● Data for this task:

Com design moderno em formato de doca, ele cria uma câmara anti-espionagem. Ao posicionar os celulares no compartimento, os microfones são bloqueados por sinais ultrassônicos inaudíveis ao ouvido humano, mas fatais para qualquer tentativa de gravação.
==
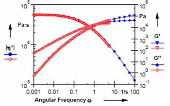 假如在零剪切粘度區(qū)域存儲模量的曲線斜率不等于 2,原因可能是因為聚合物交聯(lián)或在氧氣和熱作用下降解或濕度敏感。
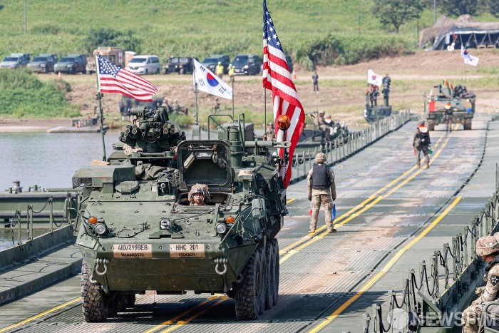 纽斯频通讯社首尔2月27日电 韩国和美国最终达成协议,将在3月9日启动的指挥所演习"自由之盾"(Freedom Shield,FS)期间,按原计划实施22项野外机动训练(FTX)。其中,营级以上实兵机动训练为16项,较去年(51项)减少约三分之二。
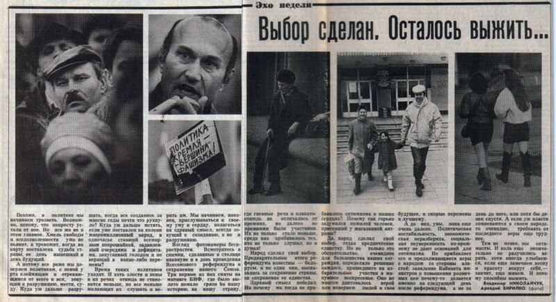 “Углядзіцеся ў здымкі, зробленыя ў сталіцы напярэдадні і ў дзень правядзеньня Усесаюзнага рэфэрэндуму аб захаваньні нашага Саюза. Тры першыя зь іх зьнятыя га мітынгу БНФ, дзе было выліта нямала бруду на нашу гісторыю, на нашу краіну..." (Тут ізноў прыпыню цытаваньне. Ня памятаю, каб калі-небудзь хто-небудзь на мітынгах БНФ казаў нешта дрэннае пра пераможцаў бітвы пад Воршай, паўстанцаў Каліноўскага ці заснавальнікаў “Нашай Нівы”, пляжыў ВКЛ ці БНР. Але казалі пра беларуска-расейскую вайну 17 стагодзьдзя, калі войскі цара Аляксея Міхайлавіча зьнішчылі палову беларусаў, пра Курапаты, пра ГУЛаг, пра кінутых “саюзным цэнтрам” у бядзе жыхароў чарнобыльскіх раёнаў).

● What the task asks:
Your answer is the exact run of lines above from the one with "假如在零剪切粘度區(qū)域" through the one with "жыхароў чарнобыльскіх раёнаў).", both ends included, minus any picture.

● Exercise output:
 假如在零剪切粘度區(qū)域存儲模量的曲線斜率不等于 2,原因可能是因為聚合物交聯(lián)或在氧氣和熱作用下降解或濕度敏感。
 纽斯频通讯社首尔2月27日电 韩国和美国最终达成协议,将在3月9日启动的指挥所演习"自由之盾"(Freedom Shield,FS)期间,按原计划实施22项野外机动训练(FTX)。其中,营级以上实兵机动训练为16项,较去年(51项)减少约三分之二。
 “Углядзіцеся ў здымкі, зробленыя ў сталіцы напярэдадні і ў дзень правядзеньня Усесаюзнага рэфэрэндуму аб захаваньні нашага Саюза. Тры першыя зь іх зьнятыя га мітынгу БНФ, дзе было выліта нямала бруду на нашу гісторыю, на нашу краіну..." (Тут ізноў прыпыню цытаваньне. Ня памятаю, каб калі-небудзь хто-небудзь на мітынгах БНФ казаў нешта дрэннае пра пераможцаў бітвы пад Воршай, паўстанцаў Каліноўскага ці заснавальнікаў “Нашай Нівы”, пляжыў ВКЛ ці БНР. Але казалі пра беларуска-расейскую вайну 17 стагодзьдзя, калі войскі цара Аляксея Міхайлавіча зьнішчылі палову беларусаў, пра Курапаты, пра ГУЛаг, пра кінутых “саюзным цэнтрам” у бядзе жыхароў чарнобыльскіх раёнаў).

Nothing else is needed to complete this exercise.